Recently, the U.S. Food and Drug Administration (FDA) granted Breakthrough Therapy designation to an antibody-drug conjugate for the treatment of patients with relapsed or refractory blastic plasmacytoid dendritic cell neoplasm (BPDCN); gave Fast Track designation to a novel chimeric antigen receptor (CAR) T-cell therapy in patients with B-cell malignancies; and granted Orphan Drug designation to a first-in-class drug candidate for the treatment of gastric and gastroesophageal junction adenocarcinoma.
Breakthrough Therapy Designation for IMGN632 in Relapsed or Refractory Blastic Plasmacytoid Dendritic Cell Neoplasm
The FDA granted Breakthrough Therapy designation to IMGN632 for the treatment of patients with relapsed or refractory blastic plasmacytoid dendritic cell neoplasm (BPDCN).

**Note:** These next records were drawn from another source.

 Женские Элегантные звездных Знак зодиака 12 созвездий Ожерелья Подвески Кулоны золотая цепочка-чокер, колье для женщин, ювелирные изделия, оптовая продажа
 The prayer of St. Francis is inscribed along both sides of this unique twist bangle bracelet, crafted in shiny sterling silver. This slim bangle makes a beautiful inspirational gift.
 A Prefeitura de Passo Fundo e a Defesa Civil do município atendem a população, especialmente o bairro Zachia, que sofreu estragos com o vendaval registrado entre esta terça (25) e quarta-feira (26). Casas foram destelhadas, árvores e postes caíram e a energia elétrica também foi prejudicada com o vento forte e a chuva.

BPDCN is a rare form of blood cancer that has features of both leukemia and lymphoma, with characteristic skin lesions, lymph node involvement, and frequent spread to the bone marrow. This aggressive cancer requires intense treatment often followed by stem cell transplant. Despite the recent approval of a CD123-targeting therapy, the unmet need remains high for patients, particularly in the relapsed/refractory setting.

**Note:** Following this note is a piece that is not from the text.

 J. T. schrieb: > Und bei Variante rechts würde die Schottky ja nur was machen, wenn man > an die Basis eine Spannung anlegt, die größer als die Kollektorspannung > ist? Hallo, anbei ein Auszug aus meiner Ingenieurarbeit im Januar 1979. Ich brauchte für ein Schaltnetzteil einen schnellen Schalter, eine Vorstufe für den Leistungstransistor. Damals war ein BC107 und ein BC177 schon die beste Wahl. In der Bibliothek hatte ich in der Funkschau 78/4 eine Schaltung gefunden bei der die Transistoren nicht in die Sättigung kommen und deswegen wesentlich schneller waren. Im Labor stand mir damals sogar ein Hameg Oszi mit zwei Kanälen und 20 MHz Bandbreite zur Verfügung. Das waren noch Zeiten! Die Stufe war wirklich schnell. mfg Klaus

IMGN632 is a CD123-targeting antibody-drug conjugate in clinical development for hematological malignancies, including BPDCN, acute myeloid leukemia, and acute lymphocytic leukemia. IMGN632 uses one a novel indolino-benzodiazepine (IGN) payloads, which alkylate DNA without crosslinking. IGNs have been designed to have high potency against acute myeloid leukemia blasts, while demonstrating less toxicity to normal marrow progenitors than other DNA-targeting payloads.
Breakthrough Therapy designation was granted for IMGN632 based on the findings from the BPDCN cohort of the first-in-human study of IMGN632, for which initial data were presented in an oral session at the American Society of Hematology (ASH) Annual Meeting & Exposition in 2019. Updated data from the IMGN632 monotherapy BPDCN dose expansion cohort will be presented at the ASH meeting this December.
Fast Track Designation for ‘Switchable’ CAR T-Cell Therapy, CLBR001 + SWI019, in B-Cell Malignancies
The FDA granted Fast Track designation to a novel “switchable” CAR T-cell therapy. The therapy is currently being evaluated as a treatment for B-cell malignancies, a class of blood cancers that includes non-Hodgkin lymphoma and chronic lymphocytic leukemia.
A phase I trial has begun patients to assess the safety and tolerability of the cell therapy. The study is being conducted at multiple sites in the United States.
The investigational CAR T-cell therapy leverages patients’ own immune cells to treat cancer, putting the cells under control of a novel molecular “switch” that seeks to mitigate potentially life-threatening side effects that have hampered the use of cell therapies to date.
Some patients who receive T-cell therapies experience an adverse effect called cytokine-release syndrome, which occurs when the immune system reacts too strongly. The switchable CAR T-cell platform incorporates an antibody known as SWI019 that acts as a switch, activating the engineered cells (CLBR001) and directing them to engage the cancer target. This mechanism may allow doctors to have more control over the therapy, which could provide a significant safety advantage.
In preclinical studies, the approach proved highly effective at eliminating tumors while controlling the level of cytokines produced in response to treatment. Further, by switching the CLBR001 cells “on” and “off” the approach allows the engineered cells to “rest,” which in preclinical models afforded greater efficacy.
Orphan Drug Designation for CT041 CLDN18.2 CAR-T Cells in Gastric and Gastroesophageal Junction Cancers
The FDA granted orphan drug designation to one of a first-in-class drug candidate, CT041, for the treatment of gastric and gastroesophageal junction adenocarcinoma. CT041 is a humanized anti-claudin18.2 autologous chimeric antigen receptor (CAR) T-cell product, and is targeted to treat patients with claudin18.2-positive tumors.
CT041 is the first claudin18.2-targeted CAR T-cell therapy that has received Investigational New Drug (IND) clearance by the FDA and the first to receive IND clearance by the National Medical Products Administration in China. The initiation of an open-label, multicenter, phase Ib clinical trial to evaluate the safety and efficacy of autologous CT041 cell therapy in patients with advanced gastric, gastroesophageal, or pancreatic adenocarcinoma is currently underway.